Wien/St. Pölten. Verbesserte Rahmenbedingungen für einen Ausbau der Donauschifffahrt fordert Wolfram Mosser, Obmann der Berufsgruppe Schifffahrt in der Wirtschaftskammer NÖ und in der WKÖ. Mosser ortet großes Potenzial für die Transportwirtschaft und ihre Partner aus Industrie und Handel sowie für den Tourismus.

Wie die zuständige Bundesorganisation „via donau“ mitteilt, sind 2012 insgesamt 10,7 Millionen Tonnen auf der Donau transportiert worden. In der Personenschifffahrt gab es im gleichen Jahr Einbrüche um 6,9 Prozent.

Angesichts der prognostizierten Zunahme des Güterverkehrs um 80 Prozent bis 2050 in der gesamten EU seien 85 Prozent freie Kapazität des Verkehrsweges Donau ein Potenzial, das nicht ungenützt bleiben dürfe, meint Mosser. Die niederösterreichischen Schifffahrtsunternehmen streben jedenfalls einen Ganzjahresbetrieb an. Ein solcher würde Arbeitsplätze sichern und neue schaffen und sowohl dem Tourismus, als auch der übrigen Wirtschaft Impulse geben, so Mosser.
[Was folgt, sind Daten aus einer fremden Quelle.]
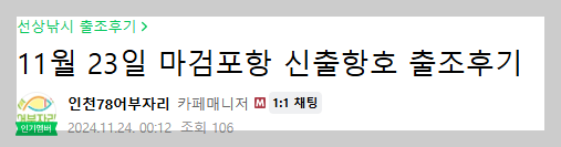 신출항호에 대해서 궁금하신 분은 낚시꾼들의 네이버 카페로 들어가서 실제로 탄 후기를 보실 수가 있습니다. 아랫글을 눌러보세요. 정확하게 신출항호를 탄 분들의 실제 경험담이 적혀있습니다.
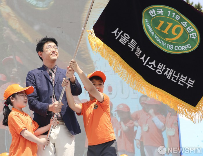 [서울=뉴스핌] 이한결 인턴기자 = 9일 오전 서울 여의도공원에서 열린 ‘2019년 서울안전한마당’ 개막식에서 한국119소년단 어린이들과 담당 선생님이 단기를 흔들고 있다. 2019.05.09 alwaysame@newspim.com
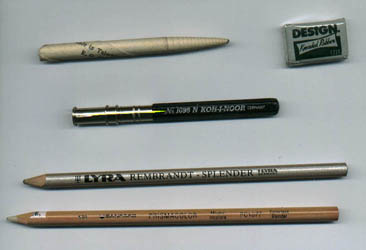 Topleft is a blender! Is just a rolled out piece of hard paper, thoyou can by them like that in all sizes, works on pencils, andcharcoal to get a blended look, where ones fingers might be toobig. Next is an amazing revolution for color pencil users everywhere....thepencil extender! Get another two inches out of your beloved (Yethorribly expensive) Colored pencils! The next two are two diferentbrands of color pencil blenders, aka splenders. Very good fortaking out thos patchy white spots commonly found in color pencildrawings. And almost forgot! Upper right hand corner, I foundagum eraser thats still in it's package! Its very mallable, kindalike silly putty, so you can work it to whatever shape you need.Used mostly for charcoal types of work.
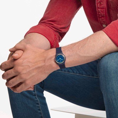 This Swatch watch has a case made of Bio-sourced resin with a diameter of 34 mm and is fitted with a Bio-sourced resin strap. Inside the case lies a ETA movement and the watch features a Acrylic crystal.

Derzeit gibt es in Niederösterreich vierzehn Betriebe der Strom-, Fluss- und Kanalschifffahrt, acht Überfuhrunternehmen wie Seilfähren, Motorbootfähren und Zillen, vier Binnenschifffahrten, sechs Hafenunternehmungen, acht Schiffsführerschulen sowie sieben sonstige Schifffahrtsunternehmen, vorwiegend Wasserskilaufunternehmen. In der Personenschifffahrt gibt es Konzessionen für die Linienschifffahrt und den Gelegenheitsverkehr. In der Güterschifffahrt ist Niederösterreich kaum präsent, meldet der NÖ- Wirtschaftspressedienst.